▸ **Extracted data**
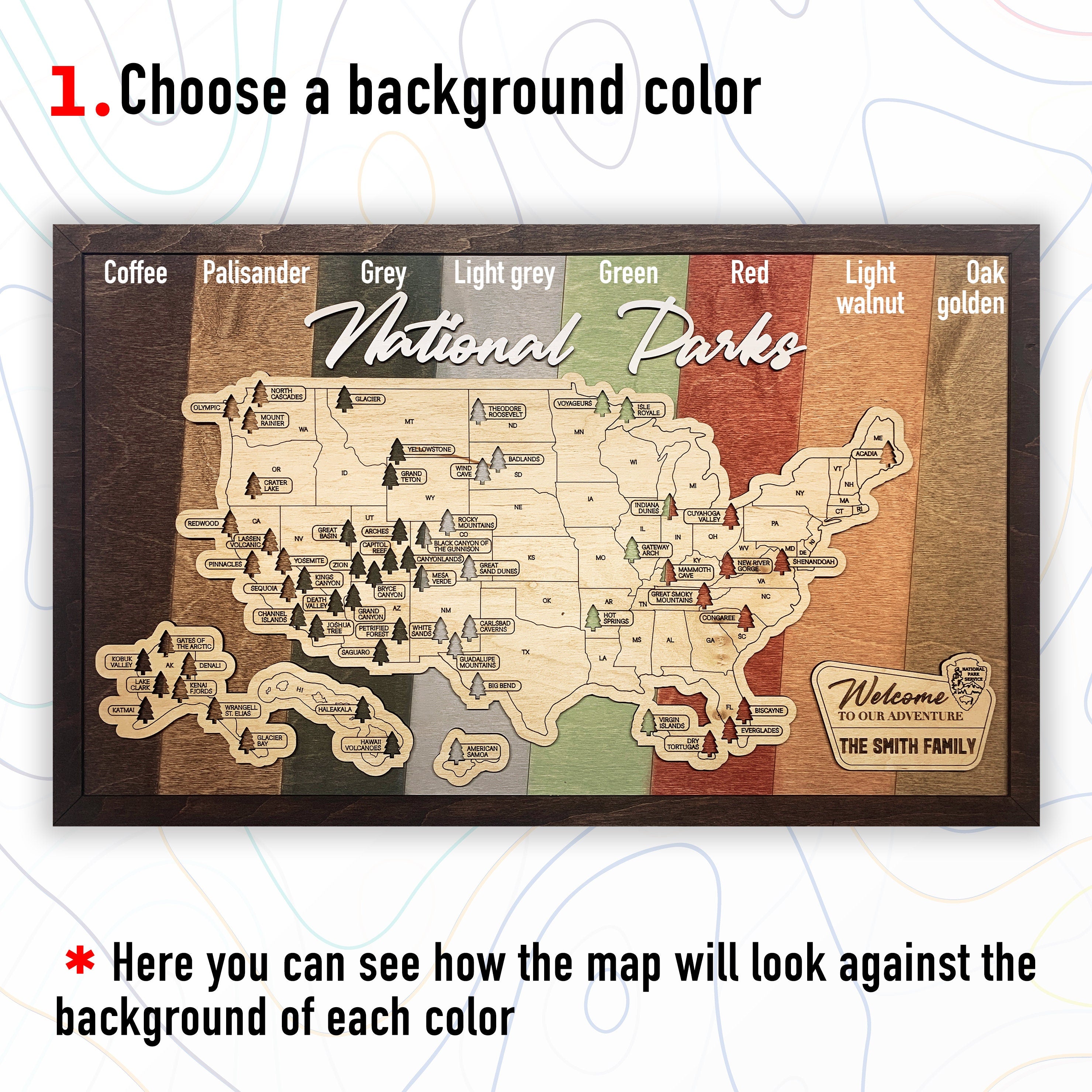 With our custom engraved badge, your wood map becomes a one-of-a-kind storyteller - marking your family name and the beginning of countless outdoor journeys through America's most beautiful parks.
* * *
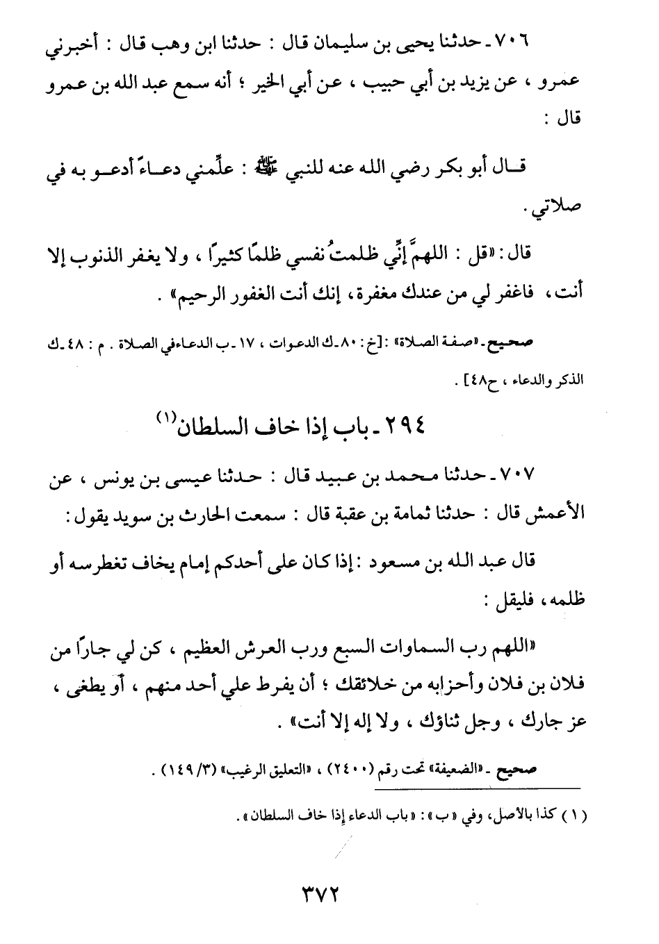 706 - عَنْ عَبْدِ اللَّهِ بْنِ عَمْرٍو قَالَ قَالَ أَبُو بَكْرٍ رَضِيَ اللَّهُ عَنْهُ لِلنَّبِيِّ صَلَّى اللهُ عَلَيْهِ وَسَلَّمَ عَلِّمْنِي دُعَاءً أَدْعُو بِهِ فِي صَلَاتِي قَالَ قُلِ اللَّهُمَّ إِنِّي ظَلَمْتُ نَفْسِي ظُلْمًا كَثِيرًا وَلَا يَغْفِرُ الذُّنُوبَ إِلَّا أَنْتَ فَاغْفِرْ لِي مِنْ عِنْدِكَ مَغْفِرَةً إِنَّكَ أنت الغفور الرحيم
--
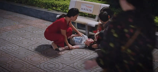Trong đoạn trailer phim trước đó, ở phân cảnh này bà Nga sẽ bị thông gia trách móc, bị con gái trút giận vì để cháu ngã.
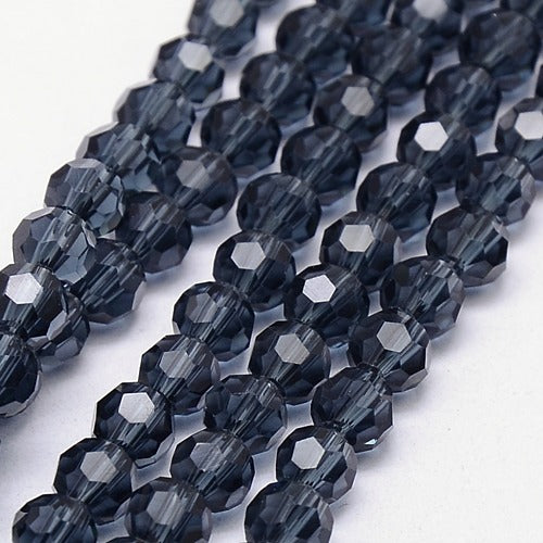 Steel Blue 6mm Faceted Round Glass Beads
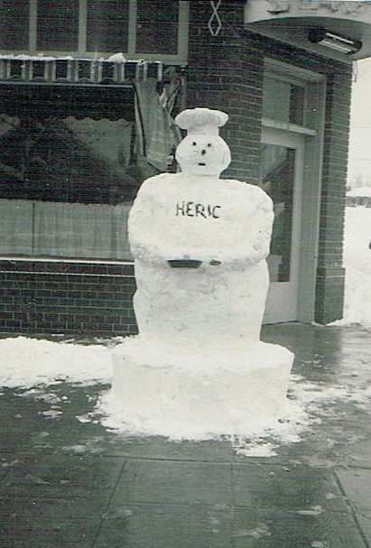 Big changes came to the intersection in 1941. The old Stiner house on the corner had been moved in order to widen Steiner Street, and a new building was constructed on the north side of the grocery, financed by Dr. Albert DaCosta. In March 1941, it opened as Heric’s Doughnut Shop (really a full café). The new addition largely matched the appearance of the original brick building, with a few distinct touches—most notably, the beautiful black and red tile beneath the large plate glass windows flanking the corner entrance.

▸ **Try it**
Within the entries above, the lines from the one containing "Steel Blue 6mm Faceted Round Glass Beads" through the one containing "Big changes came" are to be transcribed exactly, ends included, pictures excluded.

▸ **Exercise solution**
 Steel Blue 6mm Faceted Round Glass Beads
 Big changes came to the intersection in 1941. The old Stiner house on the corner had been moved in order to widen Steiner Street, and a new building was constructed on the north side of the grocery, financed by Dr. Albert DaCosta. In March 1941, it opened as Heric’s Doughnut Shop (really a full café). The new addition largely matched the appearance of the original brick building, with a few distinct touches—most notably, the beautiful black and red tile beneath the large plate glass windows flanking the corner entrance.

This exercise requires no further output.